His nephew, John Nicholas Brown II (1900–1979), became the Assistant Secretary of the Navy and married Anne Seddon Kinsolving (1906–1985).

==Career==
He prepared for college with private tutors, including William Carey Poland, and later enrolled at Brown University with the class of 1885. He left Brown a year later, instead deciding to continue his studies at home and abroad.

In 1888, Brown and his brother, John, formed a partnership, "J.N. & H. Brown." The brother's business was similar to the activities of the family business, Brown & Ives, where they lent funds for mortgages and invested in buildings and lands out west. In their business dealings, Harold and John relied upon George W. R. Matteson, the trustee of their father's estate for advice and assistance.

===Society life===
In 1892, Brown was included in Ward McAllister's "Four Hundred", purported to be an index of New York's best families led by Mrs. Astor, as published in The New York Times. Conveniently, 400 was the number of people that could fit into Mrs. Astor's ballroom.

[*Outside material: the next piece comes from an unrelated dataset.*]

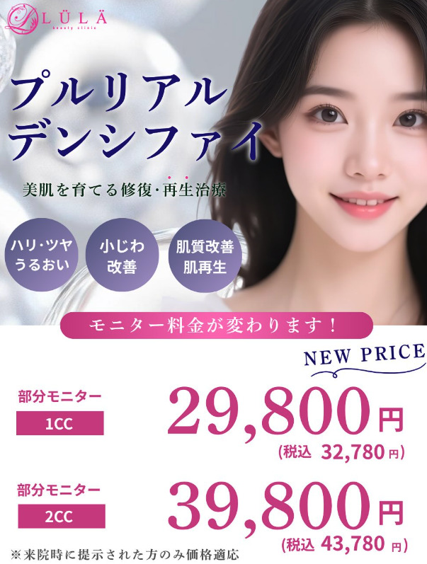 ルラ美容クリニック広島院はあなたの肌育を大応援!プルリアルデンシファイを1回(1cc)32,780円の安さで提供しています。1回で手ごたえのある効果を実感したいなら2cc43,780円もおすすめです。

Brown and his wife owned a home in Newport, Rhode Island on Bellevue Avenue and Hazard Street, and lived at 382 Fifth Avenue in New York City. He was a member of the Metropolitan Club, the Knickerbocker Club, the Union League Club, the Grolier Club, and the Society of Colonial Wars.

==Personal life==
On October 4, 1892, Brown was married to Georgette Wetmore Sherman (1872–1960), the daughter of Annie Derby Rogers (née Wetmore) and William Watts Sherman (1842–1912), a businessman and the treasurer of the Newport Casino who was married to Brown's younger sister in 1885. She was also the niece of Sen. George Peabody Wetmore.

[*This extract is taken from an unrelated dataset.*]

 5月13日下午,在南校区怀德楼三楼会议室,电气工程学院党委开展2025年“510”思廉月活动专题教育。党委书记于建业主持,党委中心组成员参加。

On May 1, 1900, his brother died of typhoid fever. After hearing of his brother's death, Harold immediately headed home from a trip in Europe with his wife, only to himself die a few days, aged 36, later upon his return to America. He died at the Hotel Netherland in New York City. Both Harold and his brother willed their estates to his nephew, who became the heir of his family's fortune and was referred to as the richest child in the world at the time. His widow continued to live in Newport, until her death in 1960.